Sarasota County resident Dawn Moore agreed.

“The comp-plan workshops seem to have a preconceived agenda,” Moore said. “There’s a feeling staff has already reached their foregone conclusions, and we’re just a roadblock on their way to the approval process.”

Reid conceded it is a common problem for residents to have difficulty understanding facets of a process as complex as updating the Comprehensive Plan.

“We’re going to continue to struggle with the comp-plan process, because it’s the central policy of the county and words are very important in it,” Reid said. “I will be immersed in these discussions and will be in the center of your three issues. We need to protect communities and help neighborhoods become stronger.”

Patterson agreed, adding that residents usually are much less aware of the process for crafting comp-plan changes than they are of the methods involved in zoning-designation changes, because the latter almost literally affect their backyards.

Ed Wolfe, a retired Sarasota County planner, said county staff needs to come up with a better way to inform the public about Comprehensive Plan changes.
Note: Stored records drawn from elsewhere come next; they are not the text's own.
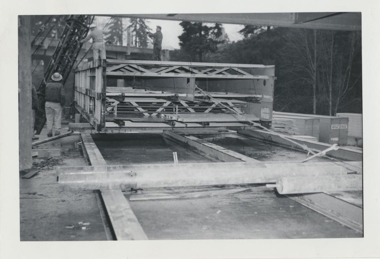 Print, photographic. 5 x 3 1/2 b&w. Construction of can line and warehouse on east side of main brewery and Carlyon Bridge. Pasteurizer for new building. January 11, 1955
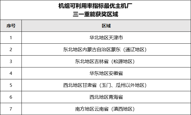 在机组可利用率指标最优主机商名单中,共有22家海内外风电整机商上榜,三一重能凭借7个对标区域机组可利用率指标最优,名列第三,远超行业平均水平。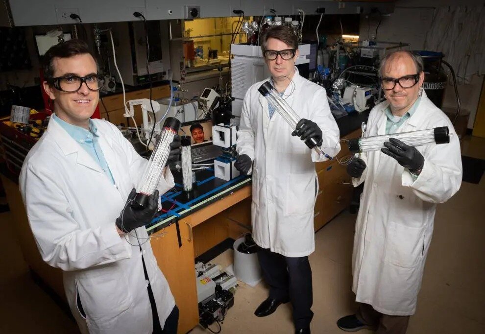 “I had to go deposit a check at the bank, and I went through the drive-through. They had the old pneumatic tubes that come down to transport documents,” said Ryan Lively, Thomas C. DeLoach Professor in Georgia Tech’s School of Chemical and Biomolecular Engineering (ChBE). “There are not many times you have a light bulb moment in your career, but I saw the tubes and I realized, we could put the fibers in something like a bank teller tube canister.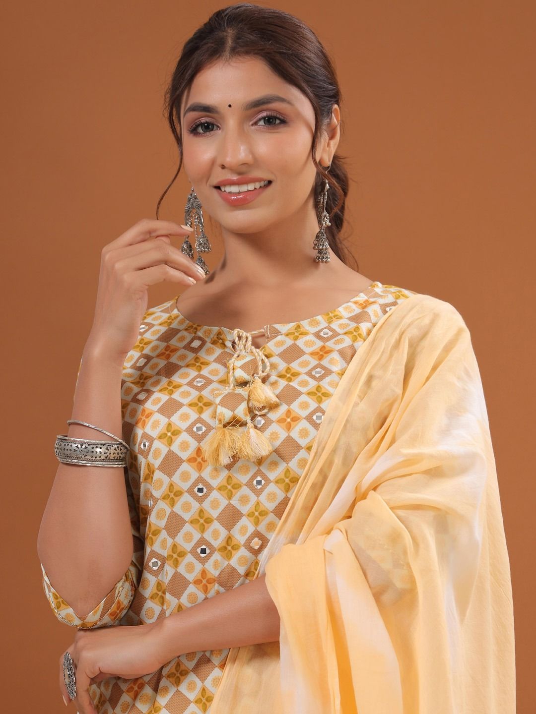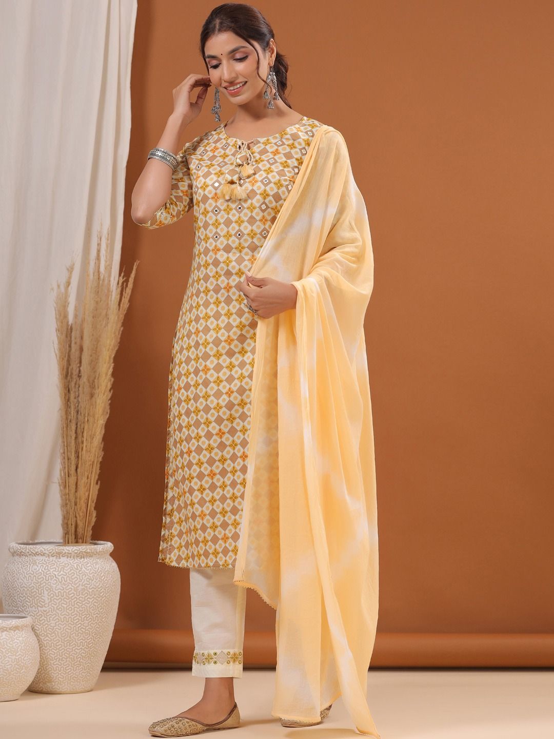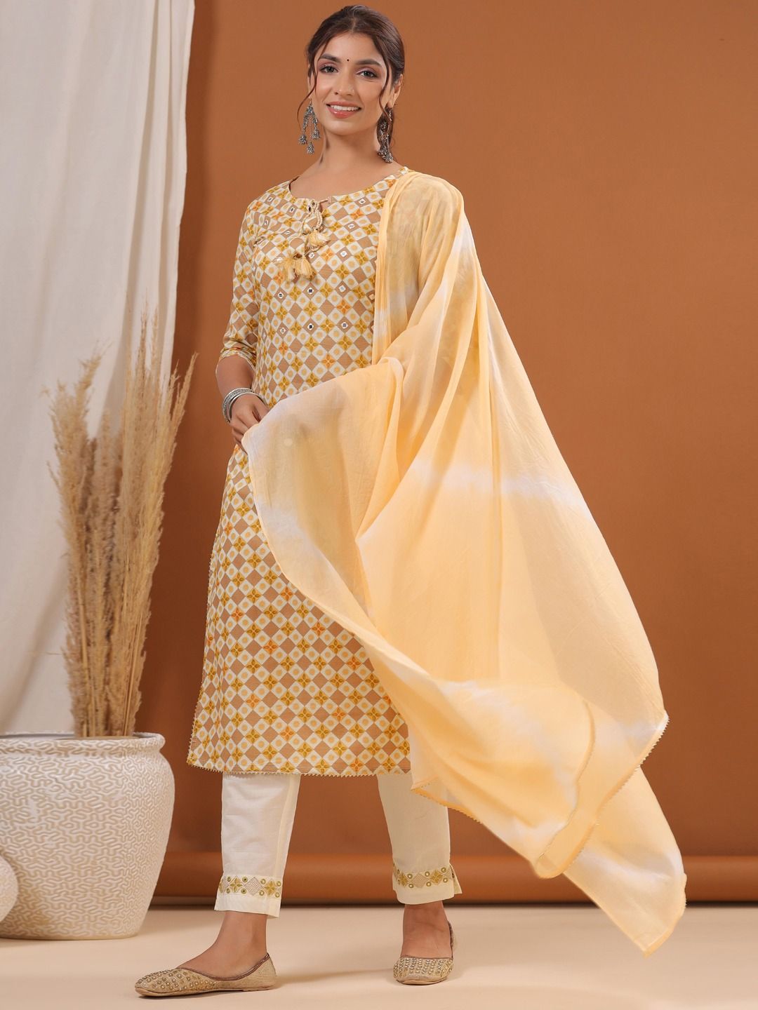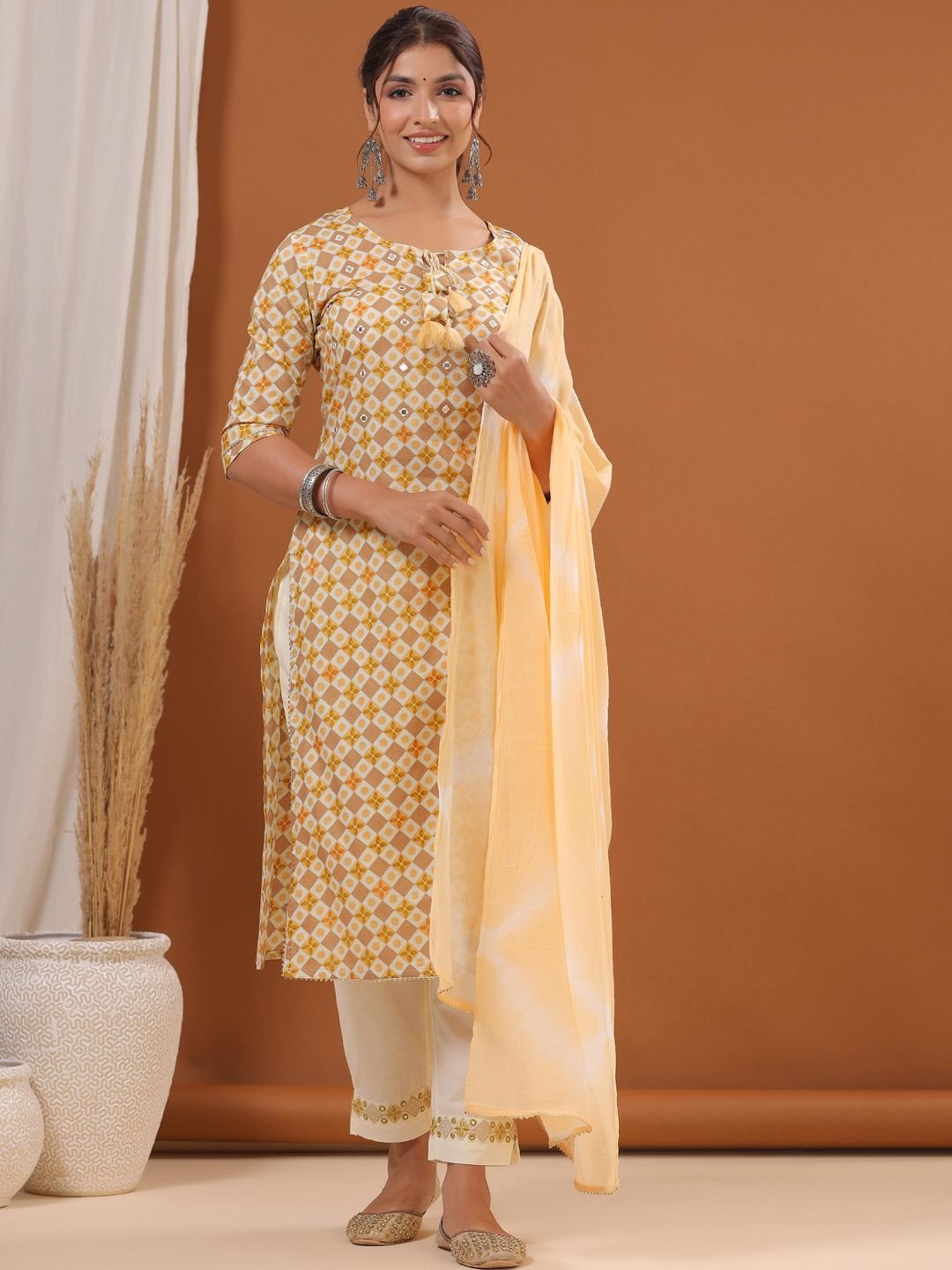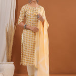 Description - Straight Style Cotton Fabric Yellow Color Printed Kurti With Thread & Mirror Work With Bottom & Dupatta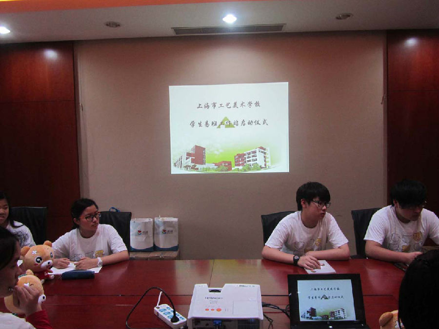 2014年5月19日,上海市工艺美术学校学生易班工作站启动仪式在中职楼M404学生活动中心隆重召开。学校团总支书记黄颖雯老师、学生科张洁老师、易班技术支持双波老师等出席了启动会议,并为校学生易班工作站成立致辞。
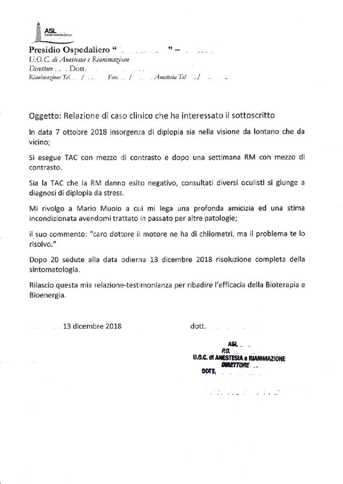 Rilascio questa mia relazione-testimonianza per ribadire I'efficacia della Bioterapia e Bioenergia.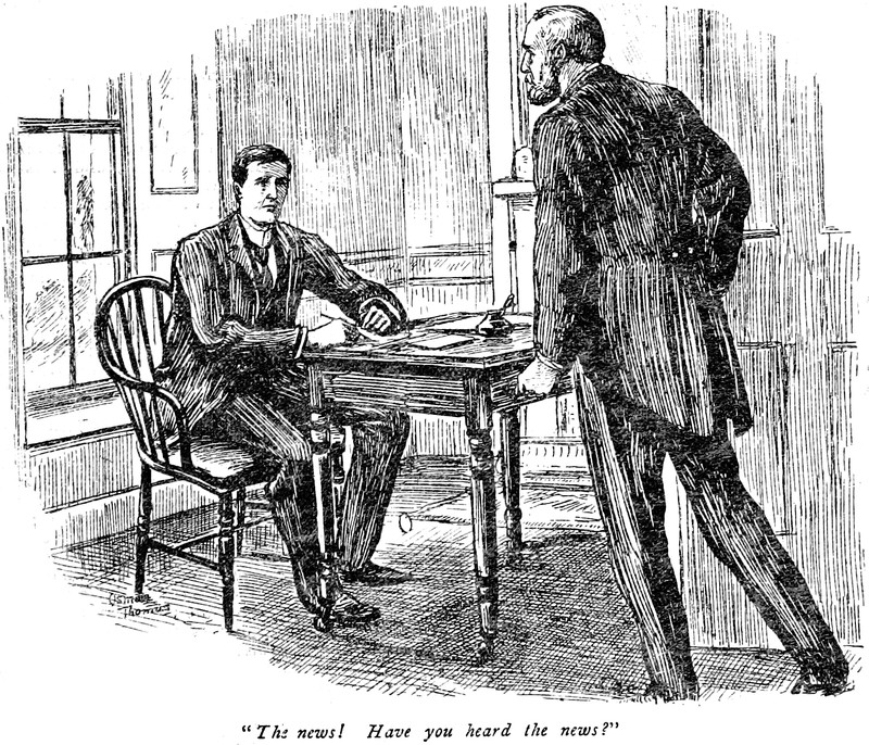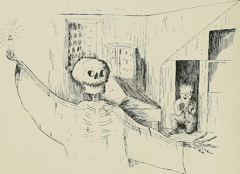 Here's "The Spectre of Tappington," in The World of Romance, 1892. The caption reads, "He whipped his legs into them in a twinkling."

For example, he said, staff could provide proposed changes in an easy-to-read format, with clear explanations about the effects the changes would have.

“While you are in control of local government, because you elect people,” Patterson said, “the scary thing to me is (that) state and regional planning councils have not allowed municipalities to have control over huge pieces of their development.”

Adding that she is frustrated with planning on the state level, Patterson said, “I believe the teeth have been taken out of the state process, and local governments are more limited by … (legislation) the state has passed recently.”

On another point, Arlington Park resident Virginia Hoffman urged Reid to investigate the situation, then work with the federal government to ensure that the tall vegetation is cut back beside the railroad tracks north of Fruitville Road and along 10th Street, through North Sarasota.

“There’s a constant stream of transients and crime; that’s a highway for this bad element,” Hoffman said. “We’ve had fires and a break-in over there, and we need help before it gets worse.”

Palmer Ranch resident Margaret Brading urged Reid to consider building concrete platforms at bus stops in south Sarasota County, because people have to wait in ditches for buses to arrive.

Other audience members complained that the Sarasota County Area Transit System provides inadequate service in parts of the county, especially along North Tamiami Trail.